Как‑то после одного из таких визитов, который затянулся до поздней ночи, Мирослав возвращался в отцовский дом по дорожкам, шуршащим в сонной тиши непривычно звучно. Шорох и скрип разносились над влажной травой, терялись за деревьями, скатывались к пруду, как рассыпанные стеклянные бусины. Свет в поселке уже не горел, и неполная луна казалось больше обычного, светила ярче. Мирослава нельзя было отнести к особо восприимчивым натурам. Его хобби – интерес к проявлениям архетипического зла – давно уже сделало его нечувствительным ко всякого рода страшным историям. Лишь иногда что‑то внутри него отзывалось на их особые вибрации. Но эта ночь была из тех, когда окружающие предметы и формы утрачивали материальность, весомость, и даже его собственная плоть и кровь казались Мирославу менее вещественными, чем странное чувство зарождавшееся внутри. Это чувство, словно маленькое зернышко, упавшее на влажную чудотворную почву, вдруг треснуло скорлупой и пошло в аномально скорый рост, выпустив вьюн, раскрывшись листами и дальше – вверх, вширь, превращаясь в высокое ветвистое дерево, которое дотягивается своей обширной кроной до всего вокруг: мокрой травы, пруда, стволов и верхушек деревьев, низких туч и самой луны.
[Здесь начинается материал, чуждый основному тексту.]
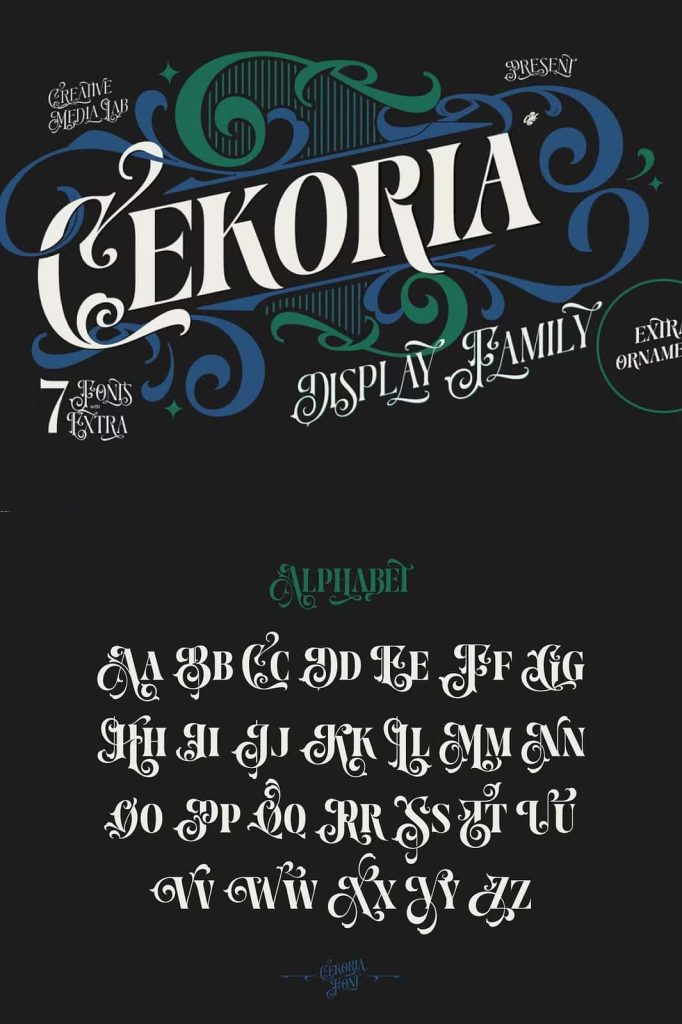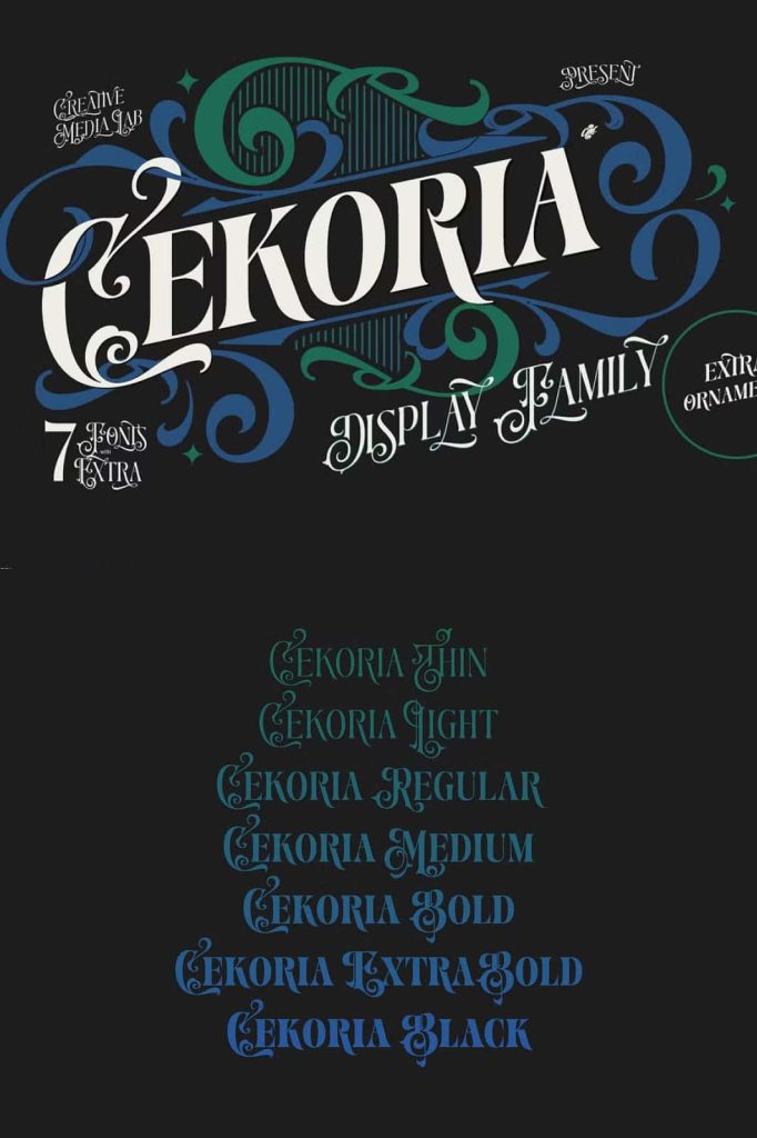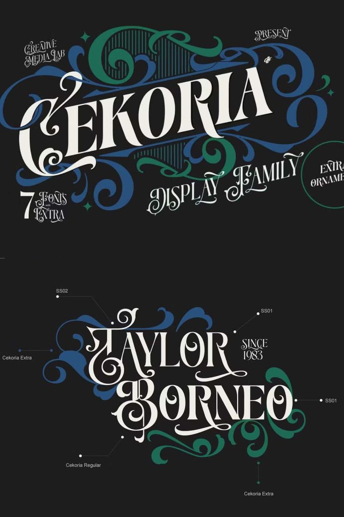Cekoria – Decorative Display FamilyleastedDecember 31, 2024Fonts Introducing Cekoria, a decorative display font inspired by classic vintage signage art. Download

В этом сплетении с окружающим сущим основные человеческие чувства Погодина обострились – он четче слышал каждый звук, распознавал запахи ночной летней прохлады, касания к коже мягкого ветра. В моменте ему послышалось, что за одним из деревьев в глубине стрельниковского сада раздался слабый треск. Он повернулся на звук и, вглядываясь в темень, начал различать странный силуэт существа, притаившегося за стволом. Существо следило за ним, наклонив вбок большую нечеловеческую голову, на которой различались проблески сусального золота. В этот миг особое чувство Мирослава, из зерна ставшее раскидистым деревом, на секунды сжалось, подобралось, будто одернув ветви от всего, к чему прикасалось. Погодин не был сверхчеловеком, страх был присущ ему как любому смертному, но пугался он скорей на уровне рефлексов, сиюминутно, когда предательски, независимо от рассудка, быстрая судорога пробегала внутри, нарушая привычный порядок. Он давно взял за правило для таких редких случаев осознано и скоро обуздывать инстинктивное, задействуя холодный ум.
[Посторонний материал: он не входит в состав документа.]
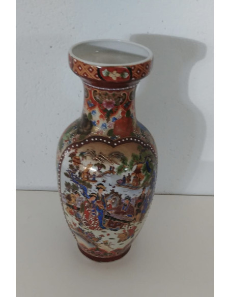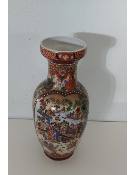 JARRON DE PORCELANA PINTADO CON DECORACION CHINA
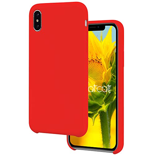 FatcatBand Cover per iPhone XS/iPhone X (5,8"), Custodia Gomma Gel Silicio Liquido con Fodera Microfibra Morbida Caso Silicone Sottile Anti-Graffio Protettiva Cover (Rosso)

Вот и в этот раз он прежде всего выдохнул, остановился и развернулся к существу всем корпусом, пристальней всматриваясь в силуэт. «Ну и?..» – мысленно обратился он к черной тени, готовый ко всему, уже восстанавливая внутри привычный порядок. Существо не торопилось отзываться, медлило, лишь слегка шевельнув головой, будто удивившись. В этот момент Погодин был уже спокоен и тверд. Фокусируясь на силуэте, его глаза темнели, набирая холодной густой синевы, поблескивая гладью темного омута. Вдруг слабый порыв ветра прошелся по кронам деревьев, и силуэт дрогнул, согнулся, словно в муке, исказился и наконец распался на составляющие. То, что Погодин принимал за голову, оказалось пышными ветками, плотно сошедшимися в нижней части ствола. Ветер нарушил их единство, они качнулись невпопад. За деревом бликовало в свете луны озеро, это его проблески меж листвы секунду назад казались Мирославу позолотой на страшной голове.
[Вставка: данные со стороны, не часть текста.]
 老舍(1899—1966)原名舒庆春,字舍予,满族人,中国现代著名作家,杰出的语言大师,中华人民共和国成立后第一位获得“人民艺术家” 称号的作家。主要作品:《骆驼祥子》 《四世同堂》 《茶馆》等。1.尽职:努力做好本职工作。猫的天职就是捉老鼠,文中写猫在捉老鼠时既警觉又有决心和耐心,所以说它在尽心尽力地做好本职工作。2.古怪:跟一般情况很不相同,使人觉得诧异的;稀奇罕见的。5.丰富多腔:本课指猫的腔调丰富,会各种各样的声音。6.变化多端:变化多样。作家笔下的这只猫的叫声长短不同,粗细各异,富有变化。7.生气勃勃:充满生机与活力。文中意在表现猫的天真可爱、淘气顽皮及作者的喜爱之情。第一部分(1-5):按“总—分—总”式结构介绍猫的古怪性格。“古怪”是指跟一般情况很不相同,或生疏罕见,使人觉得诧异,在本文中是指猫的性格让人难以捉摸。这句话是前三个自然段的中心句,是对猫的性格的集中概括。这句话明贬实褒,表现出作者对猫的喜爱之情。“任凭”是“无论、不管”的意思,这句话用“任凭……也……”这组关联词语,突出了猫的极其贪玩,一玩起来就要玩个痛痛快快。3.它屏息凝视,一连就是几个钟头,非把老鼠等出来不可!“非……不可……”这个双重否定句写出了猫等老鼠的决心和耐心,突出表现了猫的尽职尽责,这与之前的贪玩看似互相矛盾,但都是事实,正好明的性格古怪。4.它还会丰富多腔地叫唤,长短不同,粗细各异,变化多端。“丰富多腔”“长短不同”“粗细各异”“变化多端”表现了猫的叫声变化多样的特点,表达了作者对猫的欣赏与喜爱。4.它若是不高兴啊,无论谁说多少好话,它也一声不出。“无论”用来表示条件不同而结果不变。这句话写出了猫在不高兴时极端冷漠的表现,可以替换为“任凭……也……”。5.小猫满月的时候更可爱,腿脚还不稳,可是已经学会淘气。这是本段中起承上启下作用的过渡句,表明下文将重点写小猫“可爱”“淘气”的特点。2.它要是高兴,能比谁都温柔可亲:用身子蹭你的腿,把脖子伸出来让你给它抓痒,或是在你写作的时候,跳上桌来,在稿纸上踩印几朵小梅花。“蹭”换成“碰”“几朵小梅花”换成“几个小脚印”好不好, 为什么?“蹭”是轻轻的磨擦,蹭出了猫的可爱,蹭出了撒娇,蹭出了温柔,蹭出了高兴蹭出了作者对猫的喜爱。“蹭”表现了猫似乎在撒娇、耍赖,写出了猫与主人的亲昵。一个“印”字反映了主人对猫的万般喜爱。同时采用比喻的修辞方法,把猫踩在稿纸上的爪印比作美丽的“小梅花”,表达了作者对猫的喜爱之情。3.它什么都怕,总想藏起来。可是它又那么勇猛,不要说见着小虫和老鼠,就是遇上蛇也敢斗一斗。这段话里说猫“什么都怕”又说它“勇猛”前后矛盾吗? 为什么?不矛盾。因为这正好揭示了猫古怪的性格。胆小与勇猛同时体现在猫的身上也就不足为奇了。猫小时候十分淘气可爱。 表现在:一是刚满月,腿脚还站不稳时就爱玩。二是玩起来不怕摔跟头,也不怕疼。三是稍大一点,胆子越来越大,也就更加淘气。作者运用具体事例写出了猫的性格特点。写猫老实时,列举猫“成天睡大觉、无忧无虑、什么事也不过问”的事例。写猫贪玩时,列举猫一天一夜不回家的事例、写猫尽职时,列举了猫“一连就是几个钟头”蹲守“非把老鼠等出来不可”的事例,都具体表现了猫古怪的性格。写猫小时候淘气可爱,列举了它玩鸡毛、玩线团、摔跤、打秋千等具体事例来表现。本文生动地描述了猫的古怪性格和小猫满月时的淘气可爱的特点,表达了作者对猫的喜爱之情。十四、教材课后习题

Той ночью, добравшись до постели, Мирослав почти сразу провалился в глубокий сон, но проснулся уже через несколько часов с застрявшим в горле криком. Ему снилось, что он, обездвиженный, лежит на жертвенном алтаре, чувствуя спиной грубый холодный камень, а над ним склонилось существо в бонской маске. Лик его был темен, неразличим, поскольку слепящий солнечный диск находился прямо за его затылком. Мир вокруг, агатово‑серый, будто нарисованный в технике гризайль, молчал. На сухой земле клонились долу редкие островки тонкой травы, ветер был резок и сух. Погодин во все глаза смотрел на маску, но видел лишь ее очертания и черный солнечный нимб вокруг, от которого исходил бледно‑серый, растушеванный по небу свет. В груди пекло и ныло, Мирослав попытался вскочить, но понял, что даже пальцы неподвластны ему, он не может и на сантиметр согнуть ни одну фалангу. Меж тем существо разглядывало его лицо, словно чудную букашку, медленно поворачивая коронованную черепами голову то по часовой стрелке, то против. Опустив глаза, Мирослав увидел, что существо держит черный кулак над его грудью, а в нем зажат с виду мягкий рубинового цвета ком. Этот ком – единственное, что выбивалось из общей цветовой гаммы. В первый момент в голове Погодина мелькнула абсурдная мысль – это тряпка, пропитанная его любимым красным вином, и потому с нее сочится рубиновая жижа. Но вдруг ком встрепенулся подневольной птицей и стал ритмично пульсировать в тесном кулаке – толчок, еще толчок, а красная жижа потекла быстрей по черным пальцам тонкими плотными струйками. И тут Мирослав вдруг осознал, что в жреческой руке зажата вовсе не тряпка, а его собственное, все еще живое, сердце.

В этом момент жрец потянулся к маске свободной рукой, медленно сняв ее с себя. Солнце спустилось ниже, и Мирослав, наконец различил лицо, уродливое, почти не отличимое от маски, с таким же оскалом и круглыми, на выкате, тремя глазами. «Просветление требует жертв, сынок», – услышал он знакомый, очень знакомый, голос, который, без сомнения, мог принадлежать лишь одному человеку – Стрельникову. Стоило Мирославу подумать об этом, как в уродливом лице стали проступать черты Владимира Сергеевича. Искаженные, странные, но все же его. Жрец снова склонил голову против часовой стрелки, вглядываясь в глубокие омуты погодинских глаз, будто пытаясь измерить багром глубину, а потом всхлипнул, заклокотал и разразился хохотом, который разносился в пространстве раскатами всё громче и громче. Погодин пытался кричать. Но крик не вырывался на волю, он собирался, накапливался в горле, уплотняясь; Мирослав никак не мог выдавить его из себя. С этой плотной субстанцией, распирающей гортань, он и проснулся, резко дернувшись на кровати так, что судорога пробежала по икроножной мышце.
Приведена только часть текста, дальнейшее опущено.